Sitting at my father’s desk, the red folder open before me, I again felt like a detective, like the small, ten-year-old detective I’d wanted to be that summer. The same detective who had boarded a bus to nowhere, following a slender clue.
There were still a few documents in the folder that I hadn’t looked at. One was my parents’ marriage certificate, issued by Civil Register No. 49, Coyoacán, on April 4, 1978. Teresa’s sprawling signature, my father’s cramped, unclear signature, my grandparents’ names. I put the dog-eared sheet of paper on top of a pile of important documents, next to the two letters.
The last document in the folder was Teresa’s death certificate. I glanced over it distractedly, not intending to devote much time to it. I’d expected to find it in the desk. Just a little longer and I’d have completed my task: finished with that house, that story, that past. Rat and the refuse collector would, between them, remove the odds and ends left scattered about. I’d return to my shared apartment during the time it took Garmendia to sell the house and hand over my share of the inheritance. Now that I was unemployed, I’d have time to look for somewhere else to live. I’d choose one of the urban antipodes to Educación: an apartment in an interesting neighborhood with bookstores, and cafés that weren’t El Jarocho. I’d look for a new job, or perhaps do a master’s degree in something, now that I could afford to. And I didn’t rule out the possibility of changing professions, or even moving to another city. I’d be able to travel abroad. All I had to do was fold that sheet of paper and it would be all over. The wide gash in the summer of ’94 would close, would begin to heal.
I glanced down at the death certificate. The deceased’s details. Name. Sex. The handwriting of the official who had filled in the form, his spelling mistakes. Spouse. Location: San Cristóbal de las Casas. Date of death: September 25, 1994. Not September 23. That’s to say, the day after my father had flown to Chiapas. The day after, not the day before. Cause of death: Asphyxia due to inhalation of propane gas.
9
IT WAS A SLOW PROCESS. At first I behaved as if nothing had happened.

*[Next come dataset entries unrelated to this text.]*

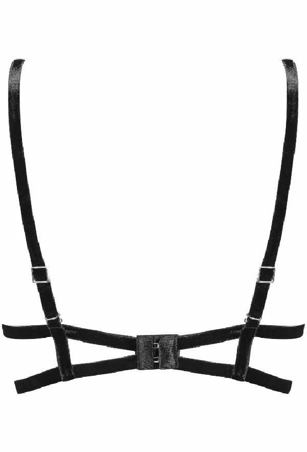 Under-wire plunge bra featuring adjustable and removable shoulder straps (the straps can be exchanged with golden chain and choker bra straps 2618 for exciting combination). Elegant lace cups with beautiful trimming create elegant and sexy look.
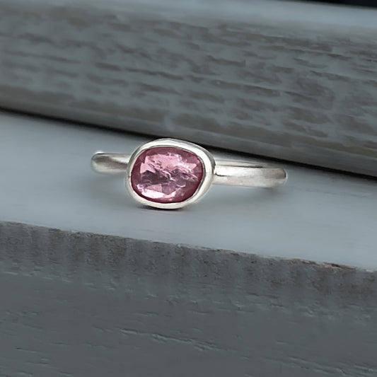 Pink Tourmaline Gemstone Sterling Silver Ring, 7.5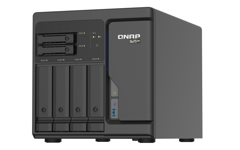 Intel® Xeon® D desktop QuTS hero NAS with four 2.5GbE ports, designed for real-time SnapSync data backup and virtual machine applications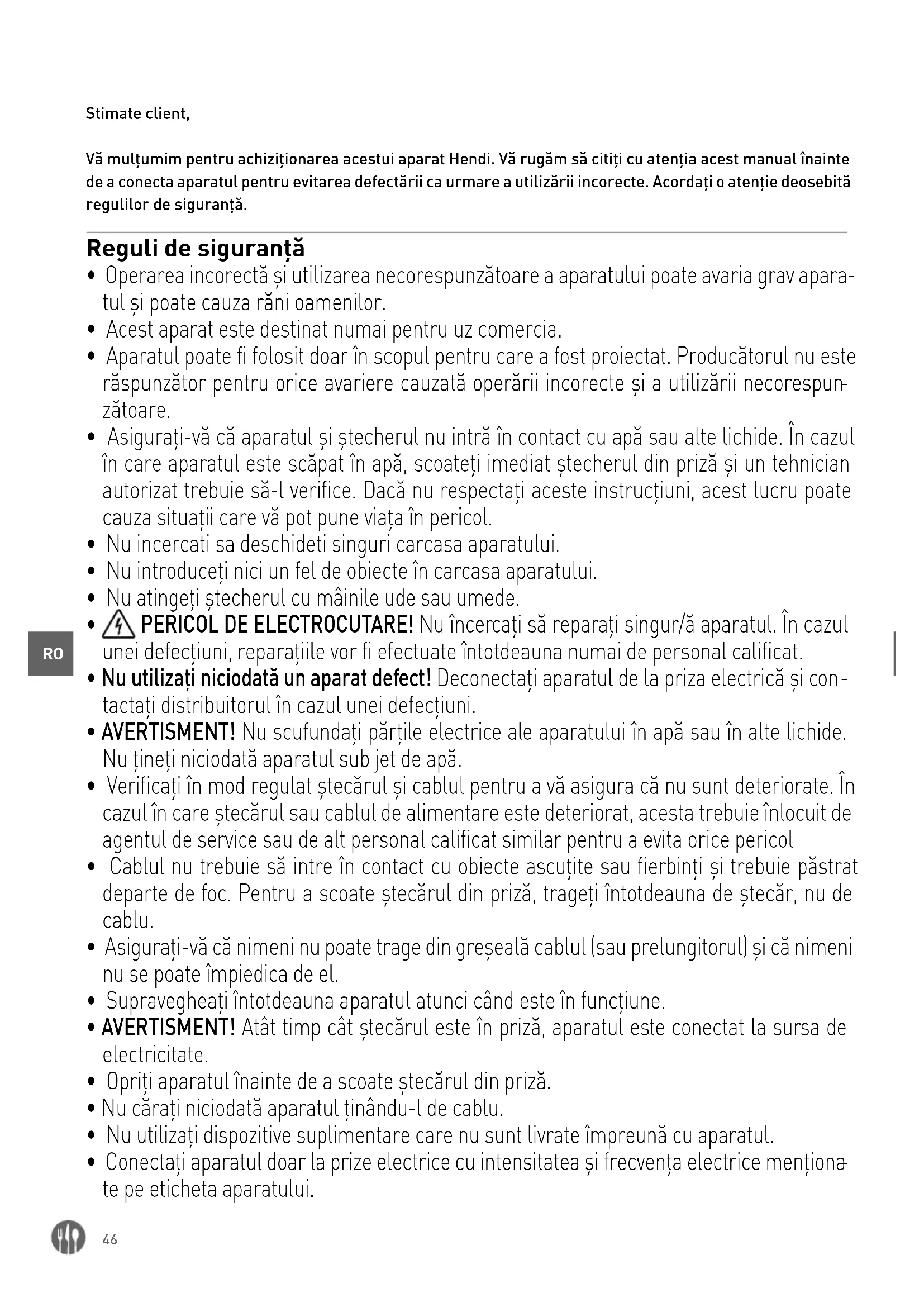 Stimate client, Vă mulțumim pentru achiziționarea acestui aparat Hendi. Vă rugăm să citiți cu atenția acest manual înainte de a conecta aparatul pentru evitarea defectării ca urmare a utilizării incorecte. Acordați o atenție deosebită regulilor de siguranță. Reguli de siguranță

After all, it could have been an error, there were a thousand explanations. I finished clearing out my father’s house. I hired a van to transport the double bed and a few other things to my apartment. I called Garmendia and, two days later, gave him the keys to the house in Educación—all three extant sets.

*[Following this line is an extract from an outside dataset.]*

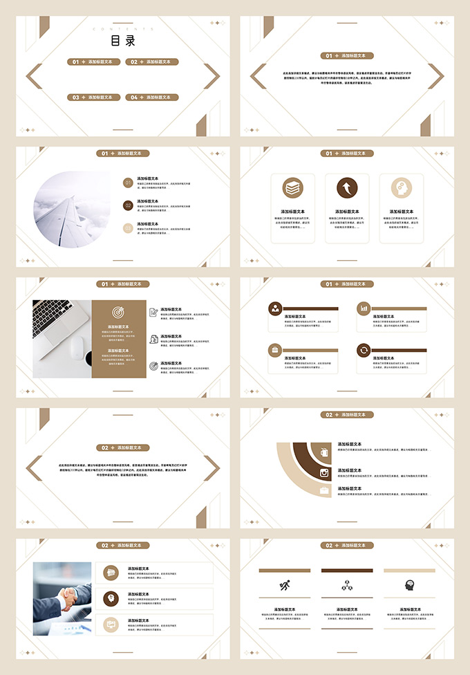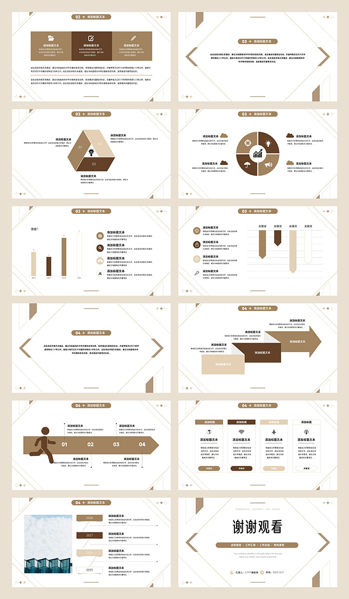 简介:极简几何风个人述职报告PPT模板,本模板共23P,纯白背景之上,几何线条勾勒出简约封面;内页采用咖褐色配色与扁平化版式,风格统一,适用于各类述职与总结汇报。标签:极简,几何风,述职报告,个人述职。

One weekend I took a cab to my sister’s, bringing with me the photographs I wanted to give her. Katia, her wife, laughed at the shots, but Mariana wasn’t really amused. I also attempted to give her half the sum Rat had paid for the furniture, but she insisted I keep it: I’d need it more than she did now that I’d packed in my job.
In a matter of weeks, the house was sold: apparently Educación has become a trendy area, with most of the residents working in the business and retail zones of Coapa.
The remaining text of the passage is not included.